Seule la Cour de justice de l'Union européenne ( CJUE ) - et non pas la CEDH - a la compétence et le pouvoir d'apprécier la validité des actes de droit dérivé de l'UE et d'interpréter le droit primaire et dérivé de l'UE. Or, la question du Génocide Arménien fait partie, depuis la résolution du Parlement européen du 18 Juin 1987, du domaine d'activités de l'UE et se trouvent donc, justiciable du droit de l'UE. Cette réalité est incontestable.
Dans cet ordre d'idées, les questions préjudicielles que je demande à la Cour d'Appel d'Aix-en-Provence de poser à la CJUE visent à:
- faire invalider le paragraphe 4 de l'article 1er de la décision-cadre en ce qu'il empêche la transposition adéquate de la norme de l'UE en droit français, compte tenu de la déclaration de la France ( ALLIOT-MARIE ) qui y a été annexée et dont nous demandons le retrait;
- faire préciser par la CJUE qu'aucune disposition de la décision-cadre ni aucune autre norme du droit de l'UE n'écarte le Génocide Arménien - reconnu notamment par le Parlement européen le 18 Juin 1987 - du champ d'application de ladite décision-cadre et qu'en conséquence les Etats membres ne peuvent exclure ce génocide du dispositif pénal de transposition.
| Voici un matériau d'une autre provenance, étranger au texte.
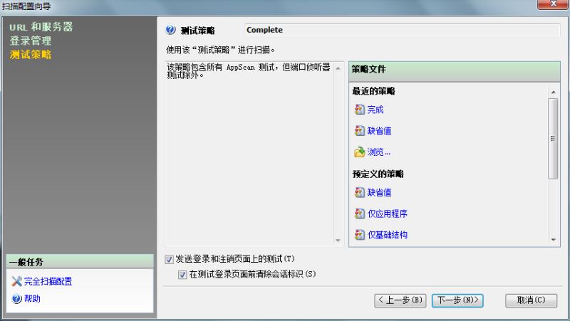 五、点击”下一步“,出现测试策略的页面,可以根据不同的测试需求进行选择,这里选择的是”完成(Complete)“,即进行全面的测试,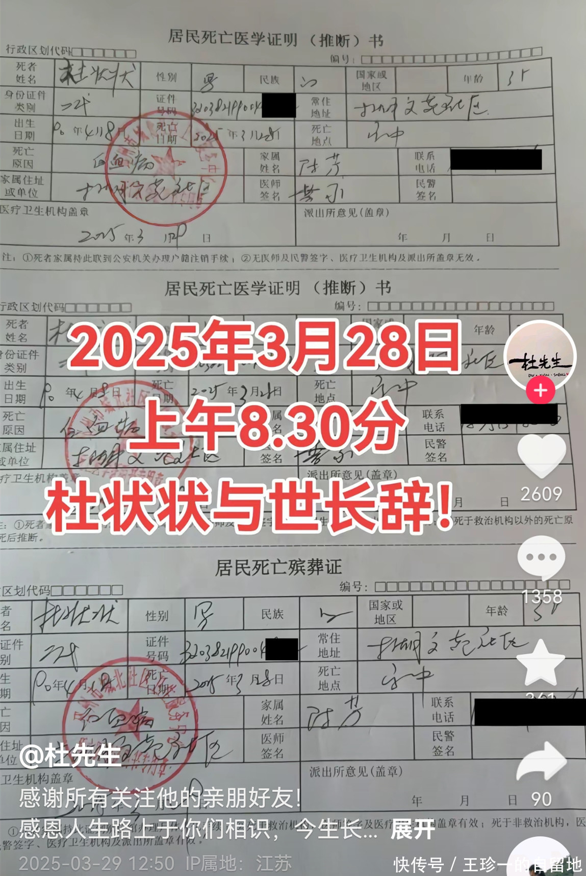 根据账号内容可知,杜先生是在2025年3月28日上午8时30分去世的,杜先生的家人发文“感谢所有关注他的亲朋好友!感恩人生路上与你们相识,今生长辞。”

En outre, pour ceux qui en douteraient, encore, l'art. 1er, § 4 et la déclaration de la France prouvent que les génocides, crimes contre l'humanité et crimes de guerre visés à l'article 1er, § 1, c) par référence aux art. 6, 7 et 8 du Statut de la Cour pénale internationale ( CPI ) et dont l'apologie, la négation ou la banalisation grossière publique doivent être rendues punissables par les Etat membres de l'UE, ne sont pas enfermés dans une période déterminée. Il s'agit indifféremment de crimes commis avant ou après l'entrée en vigueur du Statut de Rome ( CPI ) le 1er Juillet 2002.
On ne voit pas pourquoi, à ce titre, l'article 1er, § 1, d) viserait les crimes nazis commis pendant la seconde guerre mondiale - donc, antérieurs au 1er Juillet 2002 - et pourquoi l'article 1er, § 1, c) - qui le précède - ne pourrait pas concerner les crimes de génocide, crimes contre l'humanité et crimes de guerre commis pendant la première guerre mondiale contre les populations civiles arméniennes, s'agissant, dans tous les cas d'espèce, de crimes par nature imprescriptibles?
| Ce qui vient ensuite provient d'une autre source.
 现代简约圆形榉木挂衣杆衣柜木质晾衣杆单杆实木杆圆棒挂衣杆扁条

La CEDH, dont la mission est limitée à l'interprétation de la Convention européenne des droits de l'homme et au contrôle de son application par les Etats membres du Conseil de l'Europe - distinct de l'UE -, était, partant, incompétente pour mettre en doute l'existence d'un consensus général, notamment scientifique dont le Tribunal fédéral suisse avait fait le constat le 12 Décembre 2007. Rien dans la Convention européenne des droits de l'homme ne pouvait permettre à la CEDH de nier la réalité du Génocide Arménien. De surcroît, il est très surprenant, en considération du dialogue des juges que la CEDH n'ait pas fait preuve de plus de retenue à l'égard d'une question qui relève du droit de l'UE et, partant, de la CJUE.
L'arrêt qui vient d'être rendu contre la Suisse n'est susceptible, en tout état de cause, d'exercer aucun effet de droit sur les procédures en cours qui, elles, s'appuient essentiellement sur le droit de l'UE. ll permet, à l'inverse, de mettre encore plus nettement en exergue l'impérieuse nécessité de poursuivre nos actions devant les juridictions nationales et internationales aux fins d'obtenir la transposition adéquate de la décision-cadre du 28 Novembre 2008.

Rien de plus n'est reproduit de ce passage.